Die Klage hatte in allen Instanzen Erfolg.

Entscheidungsgründe


Auszüge aus den Gründen:

II... Arbeitsunfall ist nach § 548 I 1 RVO ein Unfall, den ein Versicherter bei einer der in den §§ 539 , 540 und 543 bis 545 RVO genannten und danach versicherten Tätigkeiten erleidet. Die Kl. war bei der Betreuung ihres Enkels gem. § 539 RVO unfallversichert. Dabei kann es für die Entscheidung des vorliegenden Rechtsstreits dahinstehen, ob zwischen der Kl. und ihrer Tochter ein echtes Beschäftigungsverhältnis i.S. von § 539 I Nr. 1 RVO und § 7 I SGB I bestanden hat. Aufgrund der tatsächlichen Feststellungen des LSG ergibt sich der Versicherungsschutz jedenfalls aus § 539 II i.V. mit Abs. 1 Nr. 1 RVO. Zwar setzt die Anwendung des § 539 II RVO grundsätzlich voraus, daß keiner der Tatbestände des § 539 I RVO eingreift. § 539 II RVO hat insoweit ergänzende (subsidiäre) Bedeutung (BSGE 5, 168 (171) zu den inhaltsgleichen Vorschriften des § 537 Nrn. 1 und 10 RVO a.F.; Brackmann, Hdb. der Sozialversicherung, 11. Aufl., S. 470c I und 477; Lauterbach/Watermann, Gesetzliche Unfallversicherung, 3. Aufl., § 539 Anm. 99). Das schließt allerdings nicht aus, bei Zweifeln hinsichtlich des Vorliegens seiner Tatbestandsmerkmale die Anwendung des § 539 I Nr. 1 RVO offenzulassen, wenn jedenfalls die Voraussetzungen des § 539 II i.V. mit Abs. 1 Nr. 1 RVO vorliegen. Dies gilt zumindest für die Fälle, in denen eine mögliche Konkurrenz für die Zuständigkeit des Unfallversicherungsträgers nicht gegeben ist.

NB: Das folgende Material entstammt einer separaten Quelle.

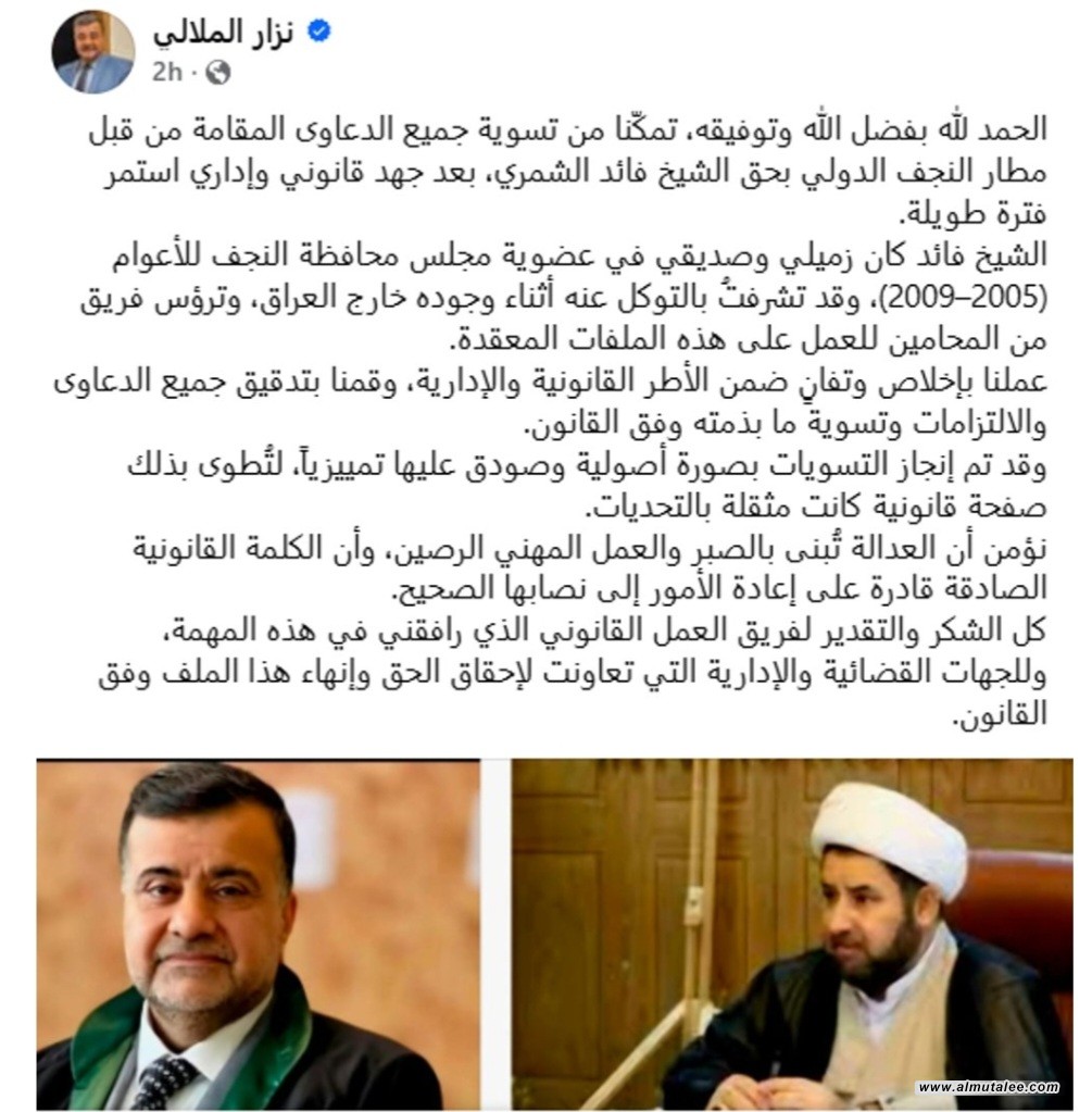 وقال الملالي في منشور عبر صفحته على فيسبوك تابعته المطلع، إنه:"تمكّنا من تسوية جميع الدعاوى المقامة من قبل مطار النجف الدولي بحق الشيخ فائد الشمري، بعد جهد قانوني وإداري استمر فترة طويلة. قمنا بتدقيق جميع الالتزامات وتسوية ما بذمته وفق القانون، وقد تم إنجاز التسويات بصورة أصولية وصودق عليها تمييزياً".

Die Kl. unterlag einem Versicherungsschutz nach § 539 II i.V. mit Abs. 1 Nr. 1 RVO. Nach § 539 II RVO sind gegen Arbeitsunfall Personen versichert, die wie ein nach § 539 I RVO Versicherter tätig werden. Die Anwendung der Vorschrift erfordert eine ernsthafte, dem Unternehmen zu dienen bestimmte und seinem wirklichen oder mutmaßlichen Willen entsprechende Tätigkeit, die ihrer Art nach sonst von Personen verrichtet werden könnte, die in einem dem allgemeinen Arbeitsmarkt zuzurechnenden Beschäftigungsverhältnis stehen, und die unter solchen Umständen geleistet wird, daß sie einer Tätigkeit aufgrund eines Beschäftigungsverhältnisses ähnlich ist. Eines persönlichen oder wirtschaftlichen Abhängigkeitsverhältnisses bedarf es beim Tätigwerden nach § 539 II i.V. mit Abs. 1 Nr. 1 RVO nicht (BSGE 5, 168 (171) = NJW 1958, 158; BSGE 17, 211 (216); BSG, SozR 2200§ 539 Nr. 123; BSG, USK 83194; HV-Info 1994, 413; Brackmann, S. 475m ff. m.w. Nachw.; Ricke, in: Kasseler Komm, § 539 RVO Rdnrn. 108ff.). Dabei sind die gesamten Umstände des jeweiligen Einzelfalls zu beachten, insbesondere Art, Umfang und Zeitdauer der verrichteten Tätigkeiten sowie die Stärke der verwandtschaftlichen Beziehungen (BSG, SozR 3-2200§ 539 Nr. 25).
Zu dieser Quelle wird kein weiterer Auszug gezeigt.